What the exercise asks
The entries below contain pictures, which are to be left out; write out exactly, and only, the lines from the line with "Blue 3-in-1 Pet" up to and including the line with "商品説明: 【ヒーローアーツ/Hero Arts】のステンシルです。同ブランドのクリアスタンプ&ダイ『Christmas".
──────── Source data ────────
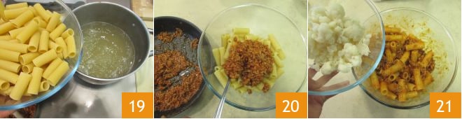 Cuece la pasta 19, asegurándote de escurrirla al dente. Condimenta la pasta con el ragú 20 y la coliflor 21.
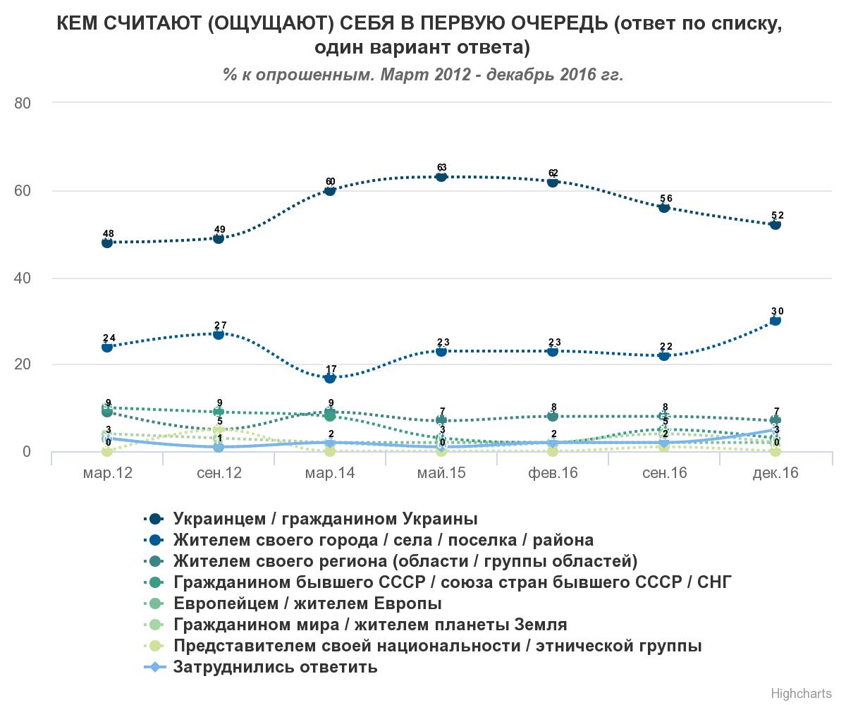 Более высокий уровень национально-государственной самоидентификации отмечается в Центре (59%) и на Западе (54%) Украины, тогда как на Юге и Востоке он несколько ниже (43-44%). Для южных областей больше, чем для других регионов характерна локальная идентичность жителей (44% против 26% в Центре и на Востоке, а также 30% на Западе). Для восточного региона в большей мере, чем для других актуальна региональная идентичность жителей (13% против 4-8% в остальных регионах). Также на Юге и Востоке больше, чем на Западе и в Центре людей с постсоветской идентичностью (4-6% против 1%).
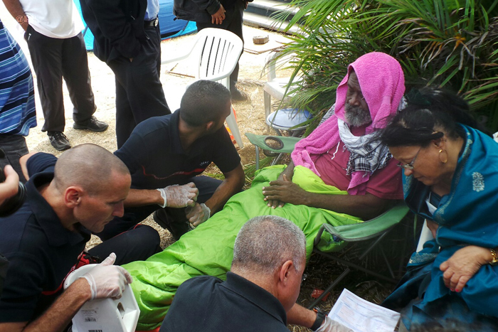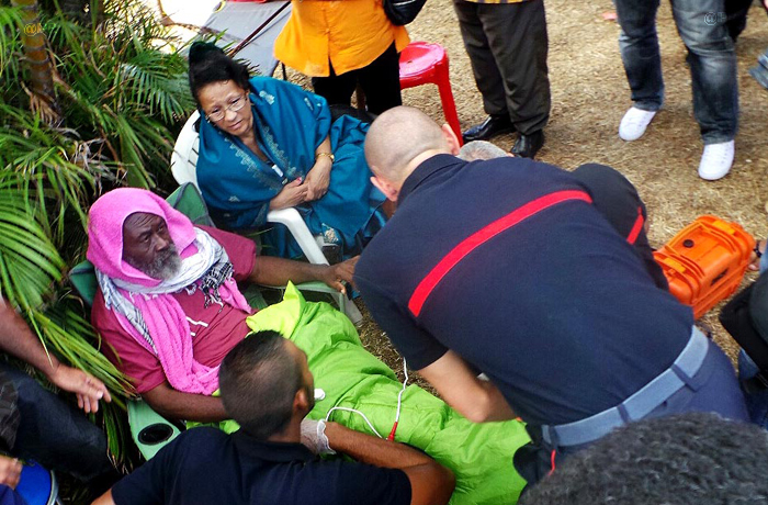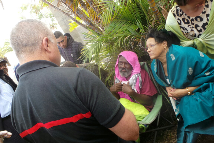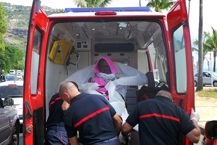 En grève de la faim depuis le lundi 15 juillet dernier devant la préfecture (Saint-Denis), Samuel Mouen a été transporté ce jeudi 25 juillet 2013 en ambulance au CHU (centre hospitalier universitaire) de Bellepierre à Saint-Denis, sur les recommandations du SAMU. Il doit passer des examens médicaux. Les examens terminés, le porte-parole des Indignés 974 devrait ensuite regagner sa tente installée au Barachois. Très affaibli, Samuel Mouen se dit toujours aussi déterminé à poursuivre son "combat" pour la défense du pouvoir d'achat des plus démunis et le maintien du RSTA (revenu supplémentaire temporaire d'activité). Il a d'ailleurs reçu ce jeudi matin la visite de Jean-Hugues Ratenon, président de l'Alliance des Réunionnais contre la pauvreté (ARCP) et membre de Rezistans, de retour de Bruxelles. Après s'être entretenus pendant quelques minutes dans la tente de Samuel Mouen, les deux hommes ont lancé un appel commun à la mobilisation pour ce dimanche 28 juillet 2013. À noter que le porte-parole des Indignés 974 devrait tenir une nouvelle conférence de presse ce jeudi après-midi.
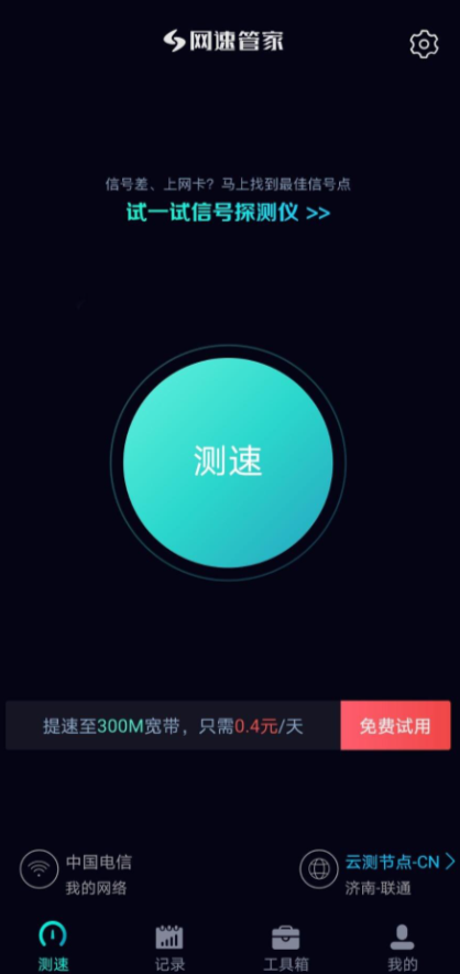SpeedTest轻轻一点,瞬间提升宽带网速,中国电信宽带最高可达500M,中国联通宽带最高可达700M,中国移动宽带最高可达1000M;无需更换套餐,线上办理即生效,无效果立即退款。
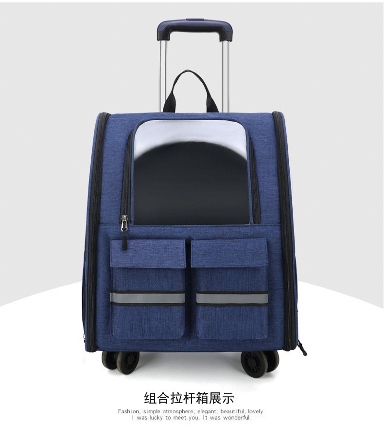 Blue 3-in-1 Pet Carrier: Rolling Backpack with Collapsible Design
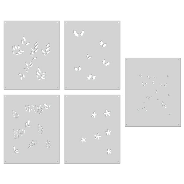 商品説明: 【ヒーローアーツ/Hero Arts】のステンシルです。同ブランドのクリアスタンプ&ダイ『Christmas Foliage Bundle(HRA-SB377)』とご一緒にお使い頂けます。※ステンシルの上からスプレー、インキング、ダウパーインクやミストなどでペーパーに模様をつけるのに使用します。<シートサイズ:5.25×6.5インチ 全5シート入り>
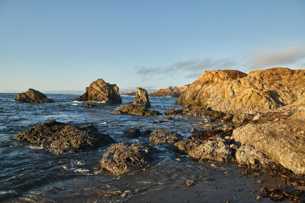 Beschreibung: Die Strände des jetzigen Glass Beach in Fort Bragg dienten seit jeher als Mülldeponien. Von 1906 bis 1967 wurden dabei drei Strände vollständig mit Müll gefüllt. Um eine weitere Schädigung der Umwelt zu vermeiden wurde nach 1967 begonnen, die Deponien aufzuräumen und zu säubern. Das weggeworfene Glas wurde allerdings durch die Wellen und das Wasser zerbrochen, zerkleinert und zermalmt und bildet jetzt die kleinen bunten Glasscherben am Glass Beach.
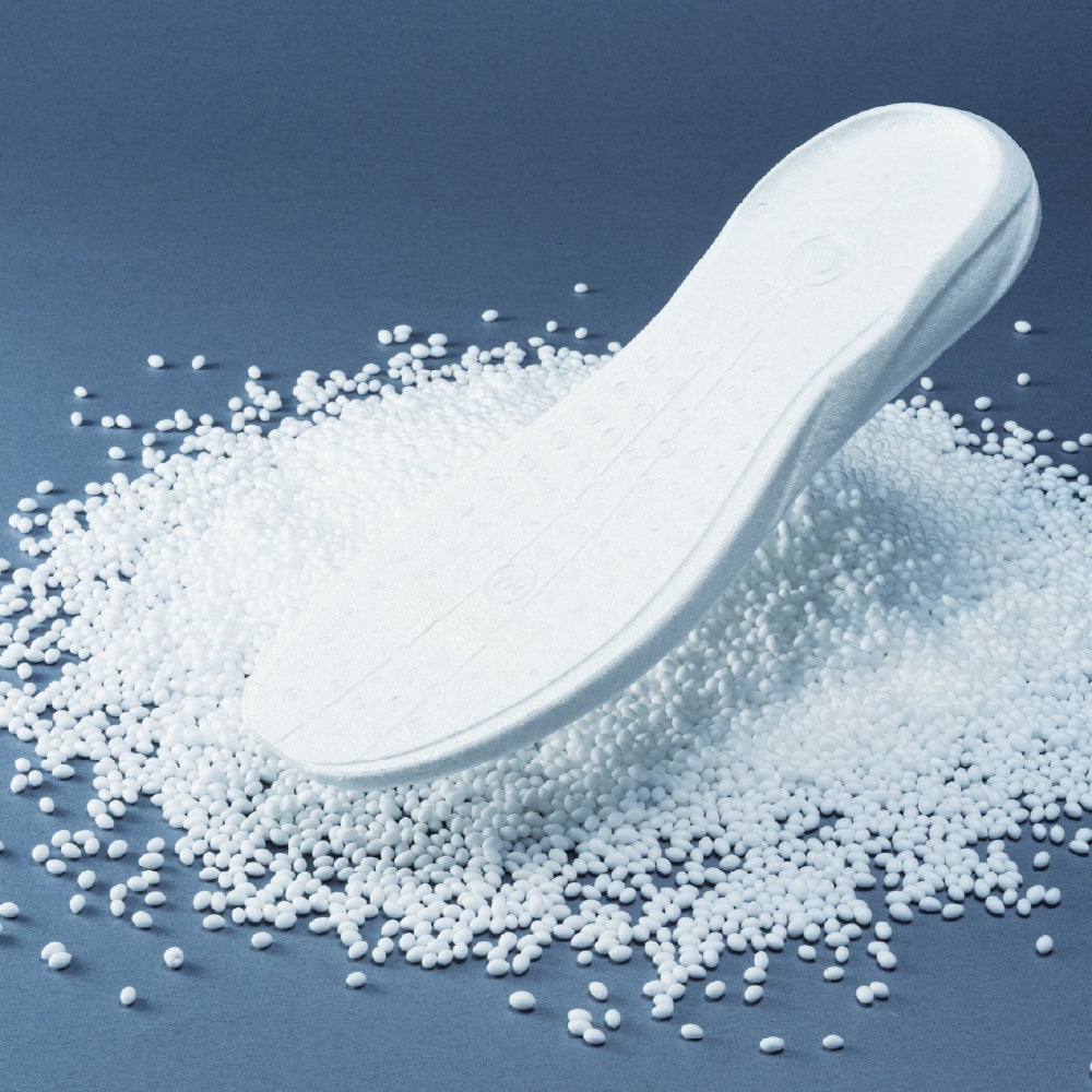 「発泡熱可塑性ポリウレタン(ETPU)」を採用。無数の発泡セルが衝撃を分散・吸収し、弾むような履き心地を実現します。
────────
──────── Source data ────────
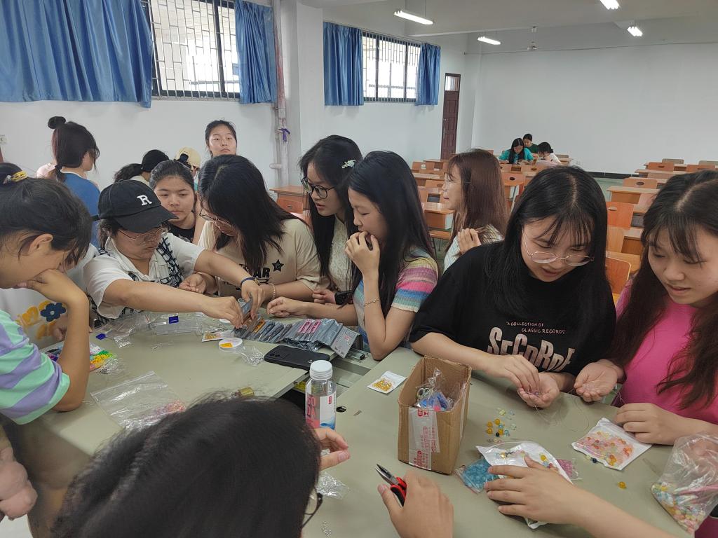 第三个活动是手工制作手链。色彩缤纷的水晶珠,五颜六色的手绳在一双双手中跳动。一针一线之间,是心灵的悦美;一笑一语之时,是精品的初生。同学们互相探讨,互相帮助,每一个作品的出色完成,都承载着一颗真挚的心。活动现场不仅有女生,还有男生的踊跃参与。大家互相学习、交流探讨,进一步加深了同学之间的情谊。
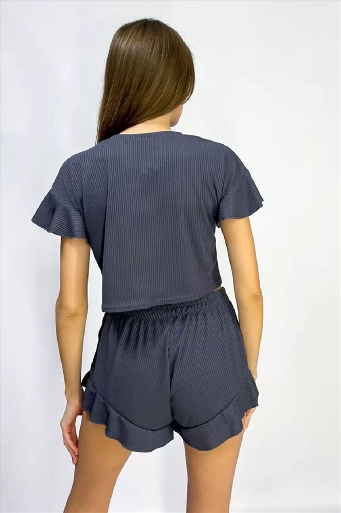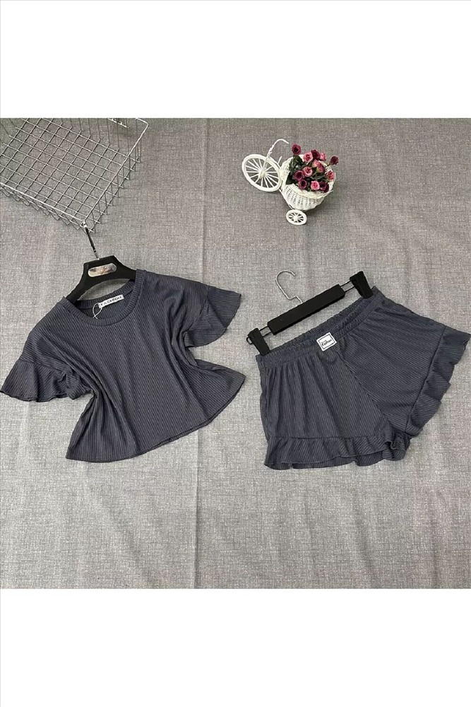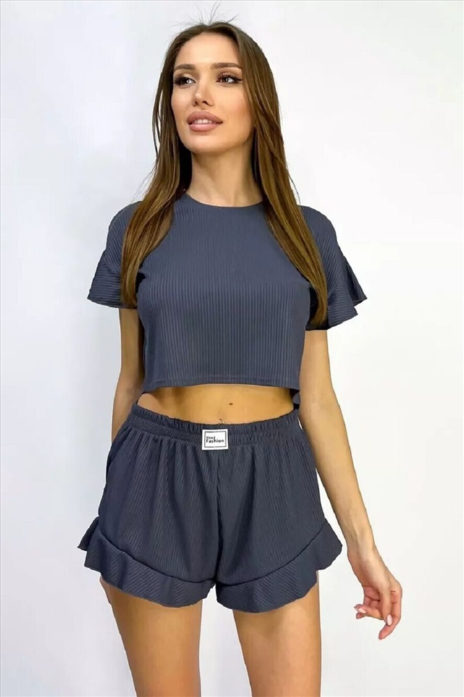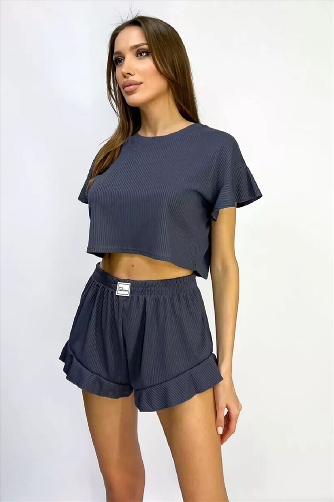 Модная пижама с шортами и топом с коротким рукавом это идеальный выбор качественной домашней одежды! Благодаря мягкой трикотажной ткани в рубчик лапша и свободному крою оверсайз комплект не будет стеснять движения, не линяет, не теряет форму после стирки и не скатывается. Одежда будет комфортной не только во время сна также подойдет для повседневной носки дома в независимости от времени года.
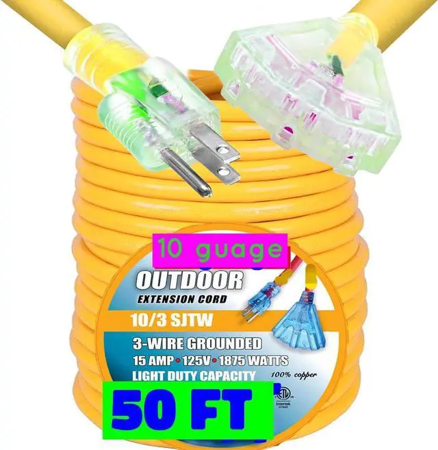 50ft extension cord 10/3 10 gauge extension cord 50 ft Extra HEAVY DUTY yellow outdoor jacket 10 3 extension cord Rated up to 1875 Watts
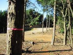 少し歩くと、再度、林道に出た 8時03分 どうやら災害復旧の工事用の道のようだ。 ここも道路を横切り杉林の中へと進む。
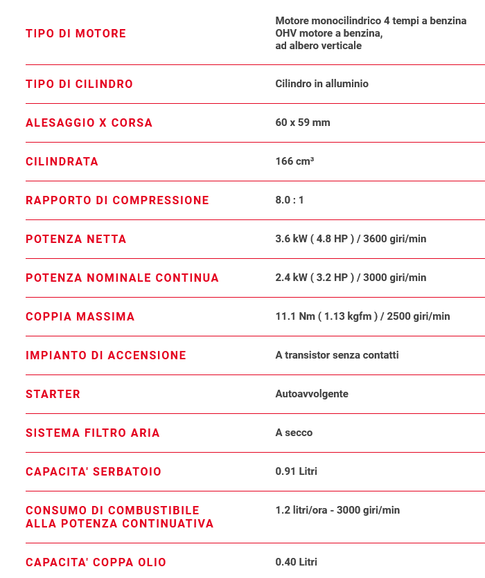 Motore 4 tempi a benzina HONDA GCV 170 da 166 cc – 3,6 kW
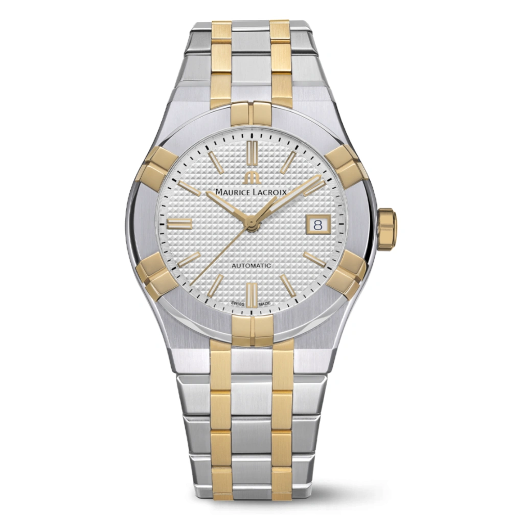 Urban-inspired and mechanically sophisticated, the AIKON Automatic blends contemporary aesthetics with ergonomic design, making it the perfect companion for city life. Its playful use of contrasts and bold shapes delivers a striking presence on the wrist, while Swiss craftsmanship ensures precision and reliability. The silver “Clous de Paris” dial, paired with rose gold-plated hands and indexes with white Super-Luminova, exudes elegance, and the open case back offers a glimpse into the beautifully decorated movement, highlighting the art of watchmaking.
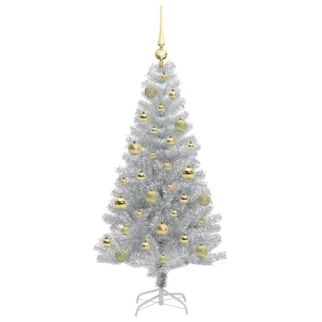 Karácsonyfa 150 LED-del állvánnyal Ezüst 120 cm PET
────────
──────── Source data ────────
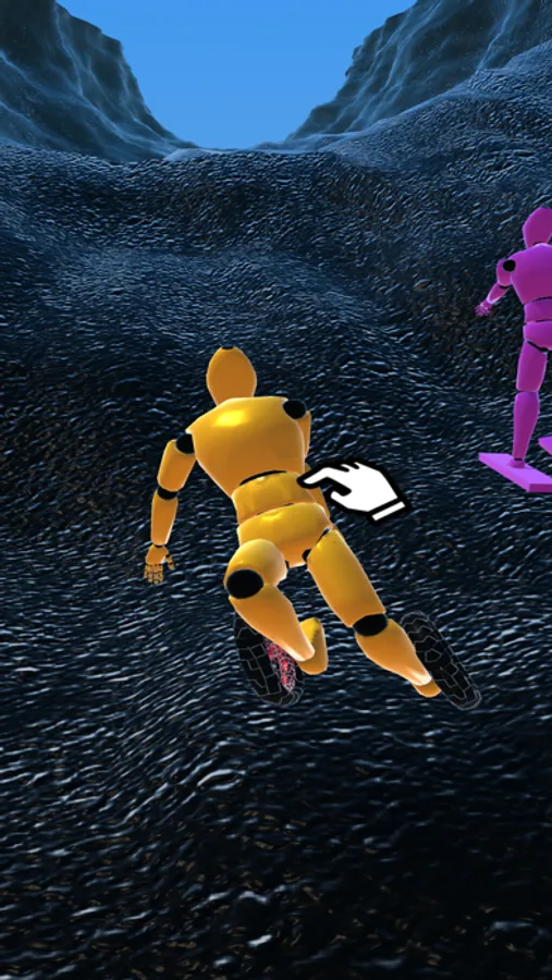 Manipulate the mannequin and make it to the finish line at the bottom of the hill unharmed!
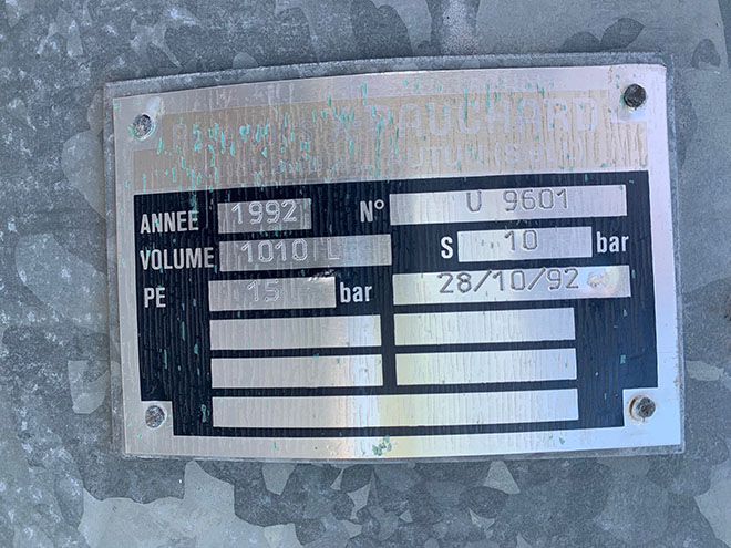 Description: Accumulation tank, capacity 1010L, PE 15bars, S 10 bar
────────
Solution to this exercise
 Blue 3-in-1 Pet Carrier: Rolling Backpack with Collapsible Design
 商品説明: 【ヒーローアーツ/Hero Arts】のステンシルです。同ブランドのクリアスタンプ&ダイ『Christmas Foliage Bundle(HRA-SB377)』とご一緒にお使い頂けます。※ステンシルの上からスプレー、インキング、ダウパーインクやミストなどでペーパーに模様をつけるのに使用します。<シートサイズ:5.25×6.5インチ 全5シート入り>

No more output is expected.